**Data for this exercise**
──────────────────────────────

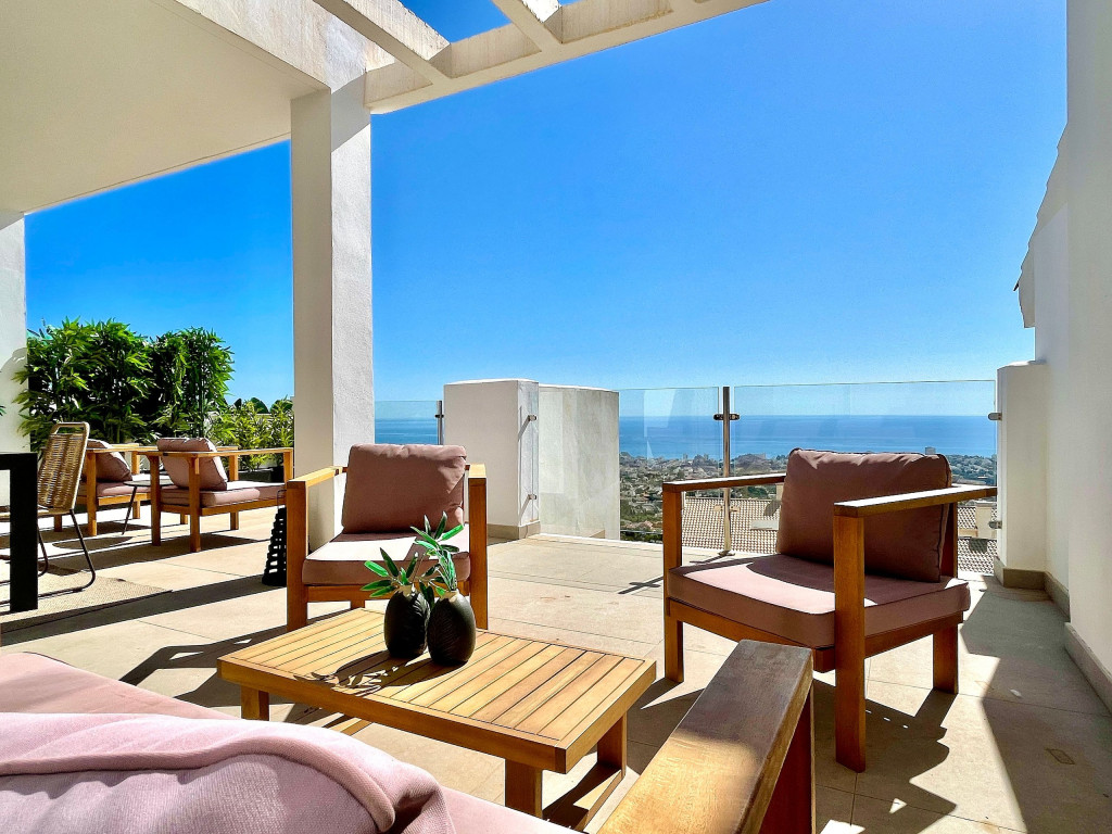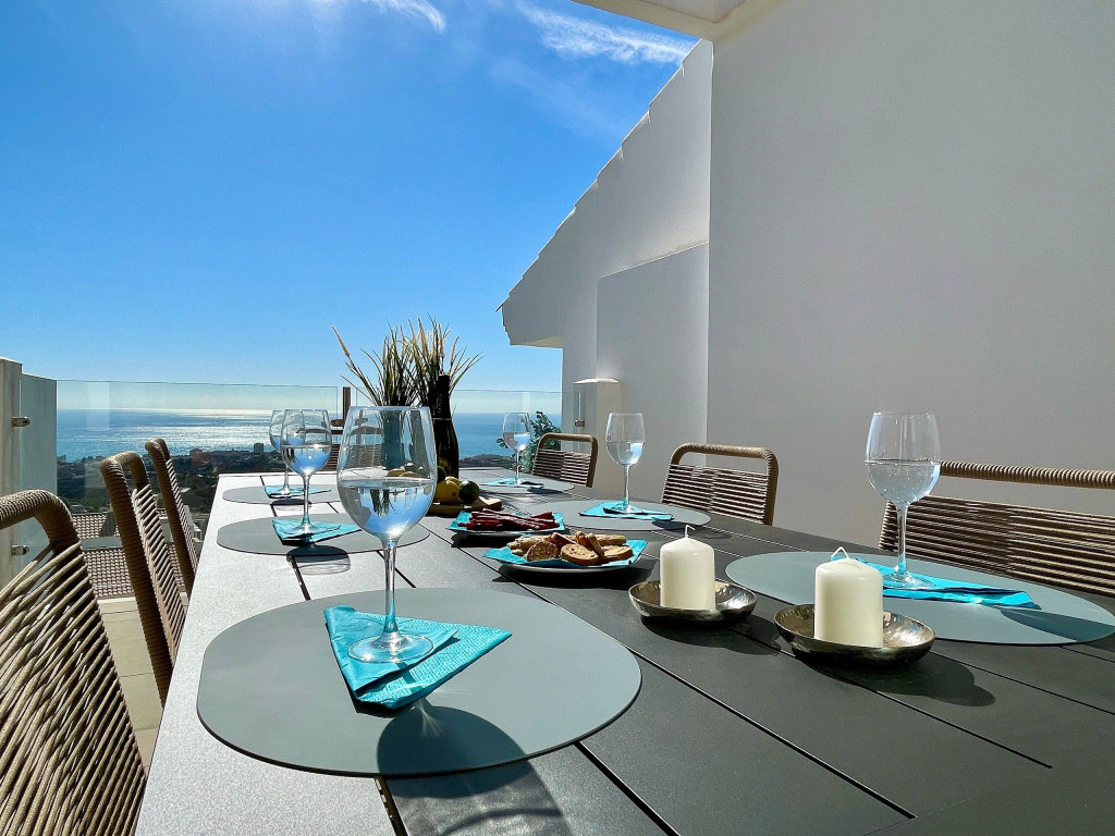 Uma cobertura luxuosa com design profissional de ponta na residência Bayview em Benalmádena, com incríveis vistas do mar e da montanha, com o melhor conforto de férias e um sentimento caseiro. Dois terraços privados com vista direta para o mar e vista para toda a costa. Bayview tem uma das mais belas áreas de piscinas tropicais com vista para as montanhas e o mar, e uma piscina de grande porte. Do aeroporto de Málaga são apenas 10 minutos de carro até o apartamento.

──────────────────────────────

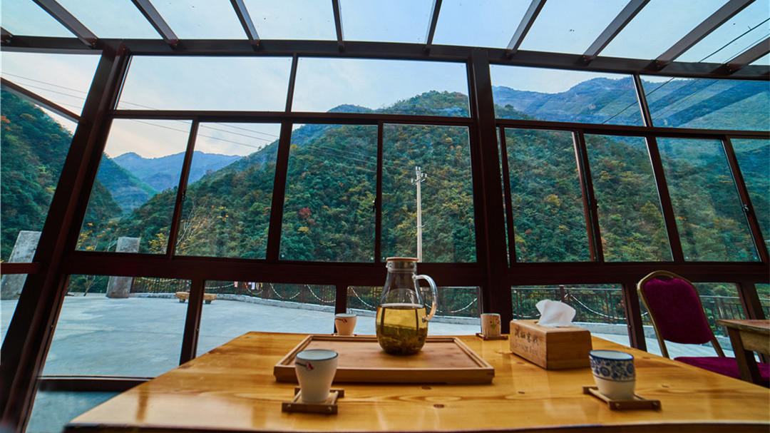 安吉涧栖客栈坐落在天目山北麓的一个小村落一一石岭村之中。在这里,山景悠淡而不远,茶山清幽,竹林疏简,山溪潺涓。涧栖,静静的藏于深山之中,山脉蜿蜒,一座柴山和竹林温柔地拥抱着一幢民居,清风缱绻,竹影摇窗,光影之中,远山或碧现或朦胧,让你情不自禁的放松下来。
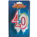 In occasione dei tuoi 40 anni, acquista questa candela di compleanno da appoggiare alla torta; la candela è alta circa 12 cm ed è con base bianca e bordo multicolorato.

──────────────────────────────

**About this task**
Look above and copy only the lines from the one holding "安吉涧栖客栈坐落在天目山北麓" to the one holding "In occasione dei", both included, exactly, minus the pictures.

**Answer space**
 安吉涧栖客栈坐落在天目山北麓的一个小村落一一石岭村之中。在这里,山景悠淡而不远,茶山清幽,竹林疏简,山溪潺涓。涧栖,静静的藏于深山之中,山脉蜿蜒,一座柴山和竹林温柔地拥抱着一幢民居,清风缱绻,竹影摇窗,光影之中,远山或碧现或朦胧,让你情不自禁的放松下来。
 In occasione dei tuoi 40 anni, acquista questa candela di compleanno da appoggiare alla torta; la candela è alta circa 12 cm ed è con base bianca e bordo multicolorato.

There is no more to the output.